Goal of the exercise: Copy each line, word for word, from the one with "(01810.HK)$ 、$腾讯控股 (00700.HK)$等多个龙头个股上的成交占比已经超50%。" through the final line of the listing, but skip the pictures.
[Data shown — start]
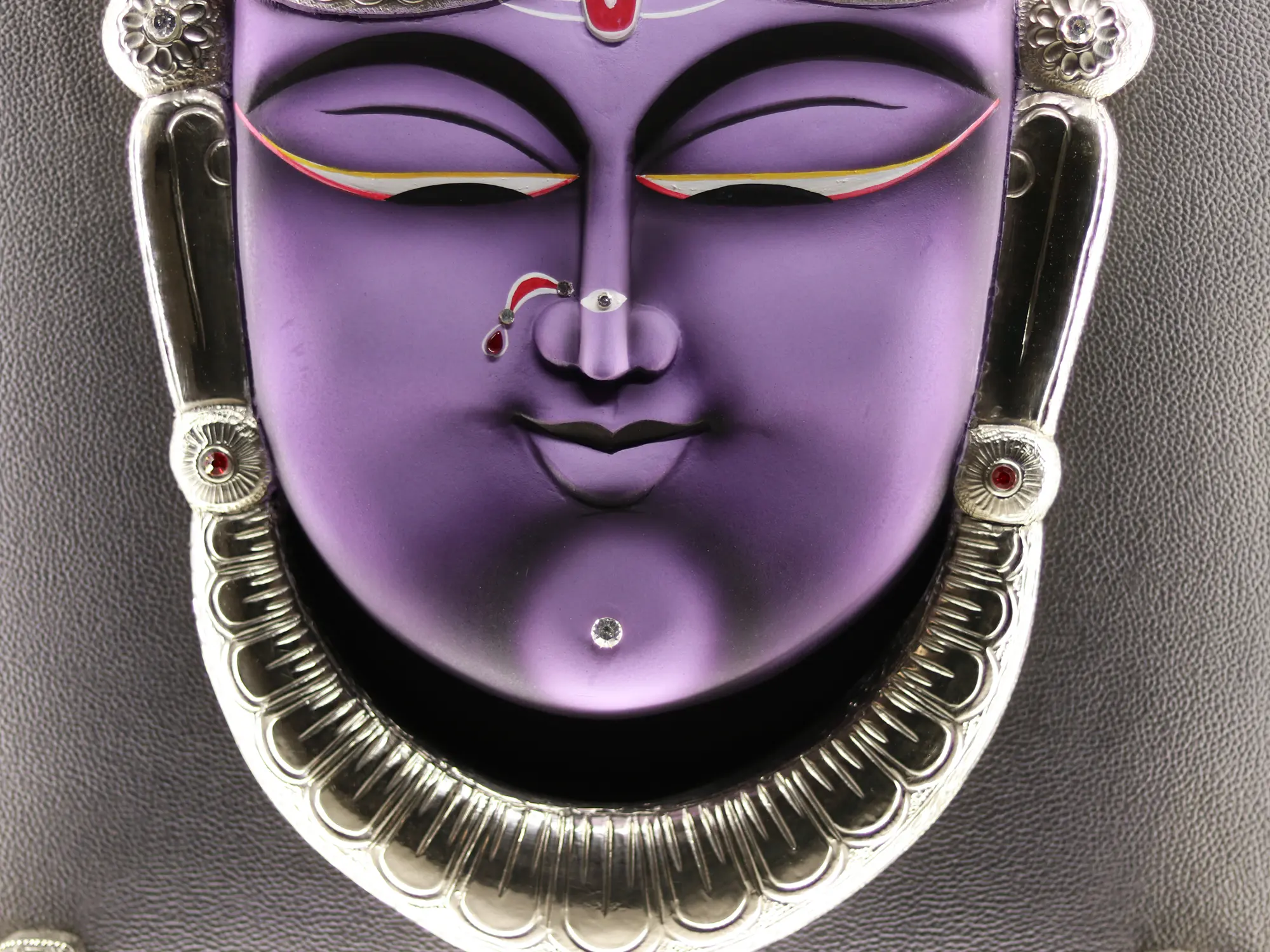 Invite the serene presence of Lord Krishna into your home with this exquisite wall hanging. Crafted with meticulous attention to detail, this piece captures the divine beauty of Shrinath Ji, a revered manifestation of Lord Krishna. The deep, tranquil purple of the deity's face is set against a rich black background, creating a striking contrast that draws the eye and evokes a sense of spiritual depth.
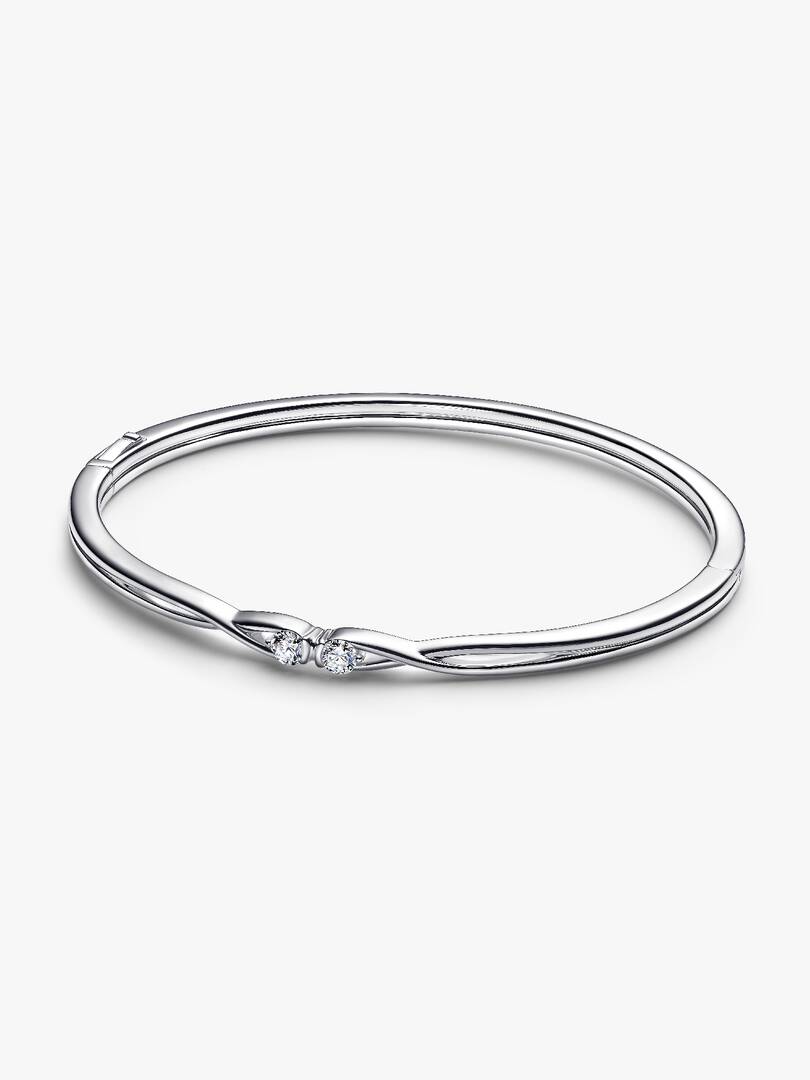 Infinite design, infinite styling possibilities. Our Pandora Infinite bangle is crafted in sterling silver, with two 0.15ct lab-grown diamonds that meet its centre. Set in our unique interpretation of an infinity symbol,, the diamonds face each other and appear to float, allowing maximum light to pass through. With a hinge closure, this radiant bangle makes an unforgettable gift and a precious addition to any collection. To ensure our rigorous standards of quality in colour and clarity, each lab-grown diamond has undergone an additional high heat and pressure treatment prior to cutting and polishing.
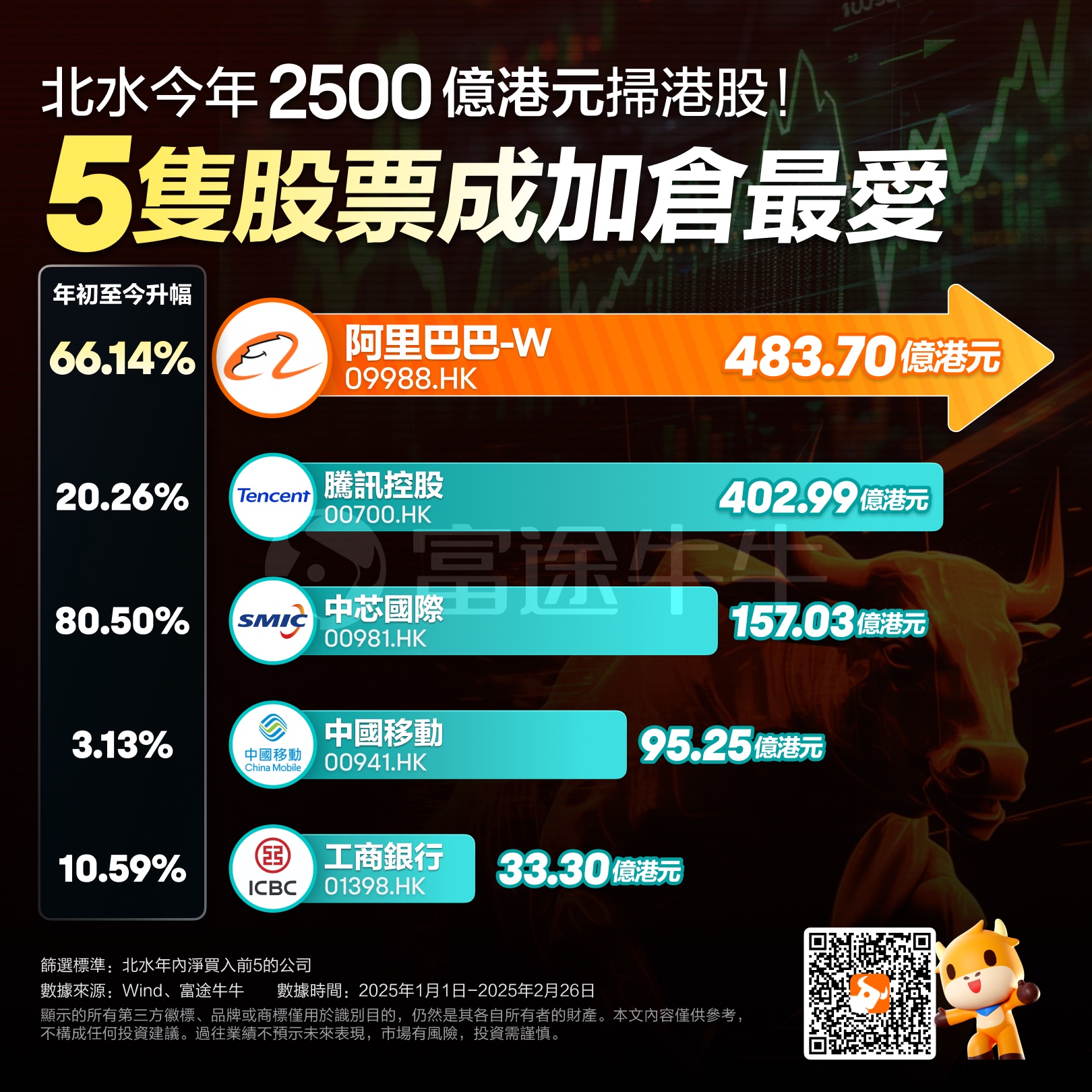 2月26日,南向资金继续大笔流入,带动港股在短暂的一日休整后便重拾涨势,当天恒生科技指数大涨4.47%,全天南向资金净流入104港元,成交额占比46.88%,其中在 $小米集团-W (01810.HK)$ 、$腾讯控股 (00700.HK)$等多个龙头个股上的成交占比已经超50%。
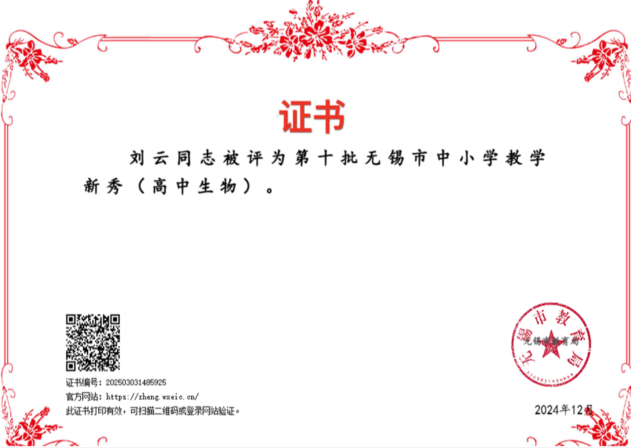 网站类目:荣誉提升情况 姓名:刘云 所在单位:江阴市教育局 荣誉类别:新秀 荣誉级别:市级 获得时间:2024-12-26 评比部门:无锡市教育局
[Data shown — finish]
Expected answer:
 2月26日,南向资金继续大笔流入,带动港股在短暂的一日休整后便重拾涨势,当天恒生科技指数大涨4.47%,全天南向资金净流入104港元,成交额占比46.88%,其中在 $小米集团-W (01810.HK)$ 、$腾讯控股 (00700.HK)$等多个龙头个股上的成交占比已经超50%。
 网站类目:荣誉提升情况 姓名:刘云 所在单位:江阴市教育局 荣誉类别:新秀 荣誉级别:市级 获得时间:2024-12-26 评比部门:无锡市教育局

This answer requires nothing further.